Плюс уступила свои акции завода газировки. Контрольный пакет. Андрей их на меня переписал, когда его министром назначили. Не все же своей мымре оставлять.
Она вспомнила дрожащий подбородок Капустина. Дрожащий подбородок с пеньками волос и хищный, а вместе с тем умоляющий, как будто сдающийся взгляд сверху. Он глядел на то, что Марина делала с ним там, внизу, и вена его скакала под кожей виска, как горная речка. В руках Марины Капустин был мал и толст, как подосиновик, и через мгновение в нёбо ей брызнула горечь, прокурор содрогнулся и попятился от нее на неверных ногах. Она достала бумажную салфетку из сумочки Burberry и вытерла рот, чтобы вокруг губ не засохло, не одеревенело семя Капустина.
Элле Сергеевне приснилось, что она потеряла свои сапоги. Замшевые, черные, с высокими голенищами, на маленьком каблуке. «Лялюсик! – звал ее из-за двери Андрей Иванович, – скорее же, опаздываем!» Но Элла Сергеевна топталась большими своими капроновыми стопами по паркету, хлопала дверями ротангового шкафа. Сапоги нигде не находились.

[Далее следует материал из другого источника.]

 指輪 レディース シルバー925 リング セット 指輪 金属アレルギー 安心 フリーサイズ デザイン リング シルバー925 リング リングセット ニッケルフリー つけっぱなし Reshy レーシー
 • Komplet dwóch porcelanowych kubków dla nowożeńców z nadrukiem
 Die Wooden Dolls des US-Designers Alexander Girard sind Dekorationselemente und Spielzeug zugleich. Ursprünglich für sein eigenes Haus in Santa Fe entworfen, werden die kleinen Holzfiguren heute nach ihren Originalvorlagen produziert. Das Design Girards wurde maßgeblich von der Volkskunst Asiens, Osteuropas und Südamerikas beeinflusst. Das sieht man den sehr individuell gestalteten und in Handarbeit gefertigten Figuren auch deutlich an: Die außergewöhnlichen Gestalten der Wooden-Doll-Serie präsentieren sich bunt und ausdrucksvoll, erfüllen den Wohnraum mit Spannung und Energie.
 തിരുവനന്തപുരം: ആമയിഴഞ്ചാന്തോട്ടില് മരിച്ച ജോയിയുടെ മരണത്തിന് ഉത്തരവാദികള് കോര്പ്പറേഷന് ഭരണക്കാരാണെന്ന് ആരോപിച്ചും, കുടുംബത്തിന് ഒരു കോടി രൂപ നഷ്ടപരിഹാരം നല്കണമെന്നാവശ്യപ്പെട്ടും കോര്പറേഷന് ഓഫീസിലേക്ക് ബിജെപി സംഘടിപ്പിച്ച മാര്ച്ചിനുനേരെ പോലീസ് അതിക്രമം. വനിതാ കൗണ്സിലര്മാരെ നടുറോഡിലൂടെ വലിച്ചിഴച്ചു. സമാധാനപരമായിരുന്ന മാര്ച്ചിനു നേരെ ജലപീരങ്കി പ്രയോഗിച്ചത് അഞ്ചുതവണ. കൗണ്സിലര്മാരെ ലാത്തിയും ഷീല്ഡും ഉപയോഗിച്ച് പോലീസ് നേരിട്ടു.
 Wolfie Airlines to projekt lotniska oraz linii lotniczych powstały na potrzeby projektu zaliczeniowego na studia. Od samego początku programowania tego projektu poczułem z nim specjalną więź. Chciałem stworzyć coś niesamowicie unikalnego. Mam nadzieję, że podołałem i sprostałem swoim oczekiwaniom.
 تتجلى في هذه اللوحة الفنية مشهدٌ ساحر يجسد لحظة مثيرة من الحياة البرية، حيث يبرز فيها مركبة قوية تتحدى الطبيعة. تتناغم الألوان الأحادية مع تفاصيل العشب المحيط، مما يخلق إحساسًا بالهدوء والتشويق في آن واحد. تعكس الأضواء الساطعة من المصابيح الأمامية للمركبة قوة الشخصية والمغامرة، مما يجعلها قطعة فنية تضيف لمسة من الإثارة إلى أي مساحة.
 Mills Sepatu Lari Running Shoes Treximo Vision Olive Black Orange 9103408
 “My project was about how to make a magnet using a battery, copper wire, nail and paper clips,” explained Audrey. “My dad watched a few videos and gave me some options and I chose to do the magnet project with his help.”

Через мгновение Элла Сергеевна очутилась у себя во дворике, где стоял в распахнутой кожаной куртке Андрей Иванович и махал ей ладными коротенькими ручками. «Лялюсик, торопись!» – повторял он нетерпеливо, и она, ступая необутыми ногами по холодной плитке, устремилась к мужу. Добежала или все же одумалась и вернулась в дом – этого Элла Сергеевна так и не узнала, потому что в этот момент вся вздрогнула и проснулась от пронзительного звонка в калитку. «Что? Кто?» – застучало у нее в голове. Она высунула из-под шелкового одеяла тяжелые варикозные ноги и посмотрела на Андрея Ивановича. Он сиял на нее с портрета в серебряной рамочке чуть виноватой улыбкой. Рядом, на тумбе, темнел заложенный парчовой закладкой молитвослов. Духовник велел читать понемножку утром и вечером, особенно истово – в первые сорок дней. Ты плачущих утешение, сирых и вдовиц заступление…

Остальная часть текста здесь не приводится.